The Haunted Mouse is a 1941 Warner Bros. Looney Tunes cartoon directed by Tex Avery. This film was the first cartoon written by Michael Maltese. This cartoon is also the first Looney Tune to be released as a one shot, which means there are no recurring characters in this cartoon. The short was released on February 15, 1941.

==Plot==

A video in the restored version for the short.

A starving cat sees a sign that says "Ma's Place/Home Cooking/3 Miles". The cat follows the sign only to learn that the sign leads to an abandoned ghost town (population: 100 ghosts), with "ghost" puns like "Waldorf-Ghostoria" on a hotel sign and "Mr. Smith Ghost to Washington" on a theater marquee.
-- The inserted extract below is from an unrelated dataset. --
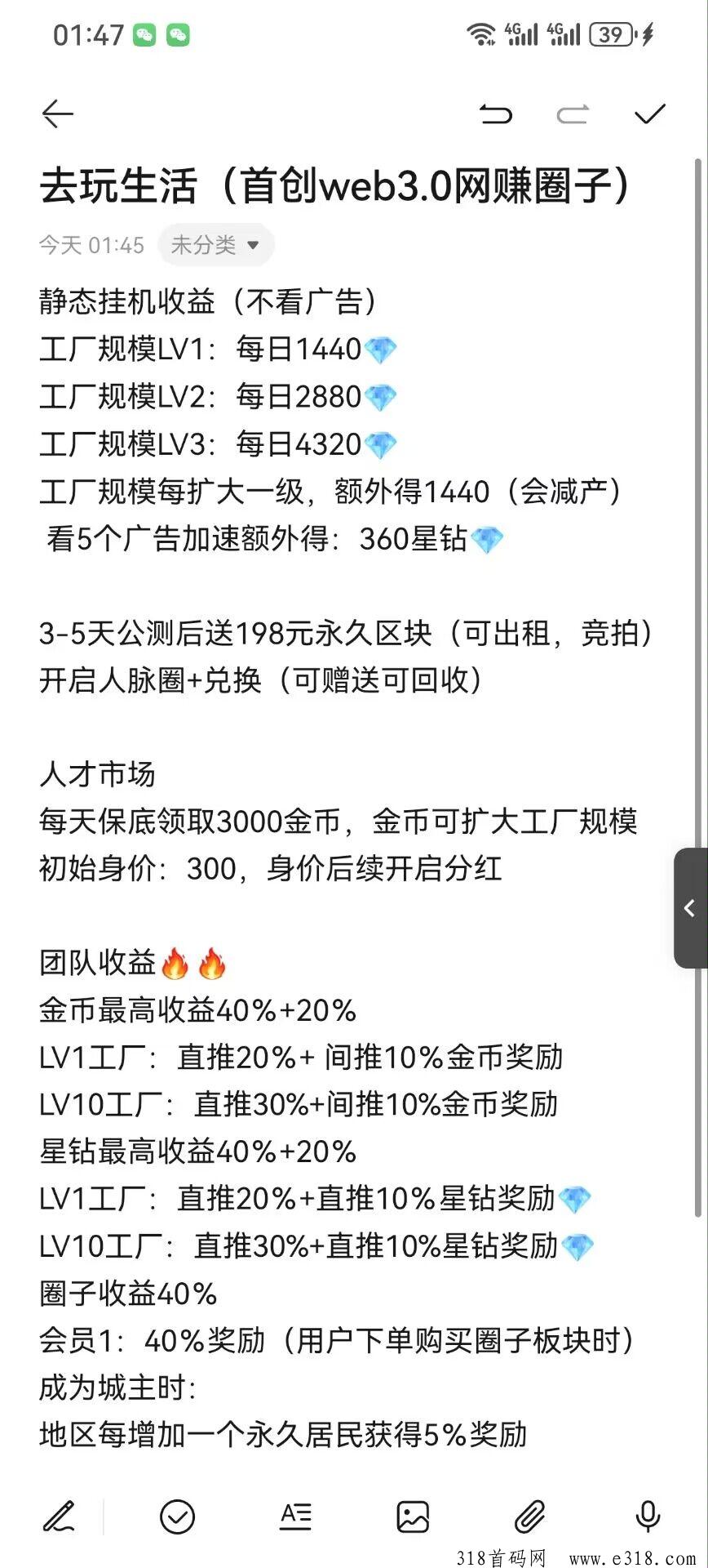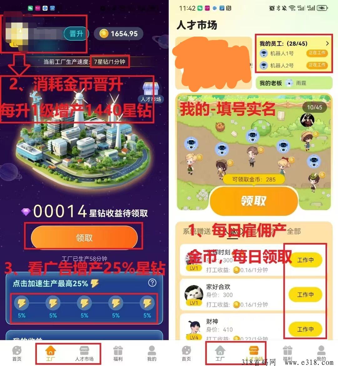 金币可以用来升级工厂,工厂等级越高,所产的星钻收益越高,可雇佣的员工数也越多,可以邀请好友来帮你打工产收益,但是工厂每升一级,消耗的金币就会越多,有精力的玩家可以选择去做每日的广告任务得金币,或者邀请好友(人脉)享受团队收益和加成!

He enters Ma's, now closed and haunted by the ghost of a mouse (somewhat resembling Jerry), who targets the cat in revenge for all of the cats who tormented him all his life. The ghost mouse convinces the cat to pursue the mouse for dinner, leading to a series of gags in which the mouse uses his phantom form to full advantage. The mouse's final gag, lighting the cat's foot on fire, backfires when the cat jumps in pain out a multiple-story window and dies; thinking he has won the fight, the mouse is shocked when the cat returns as a ghost, now on even footing. The cat begins chasing the mouse through and out of the town, dropping the population to 99 ghosts.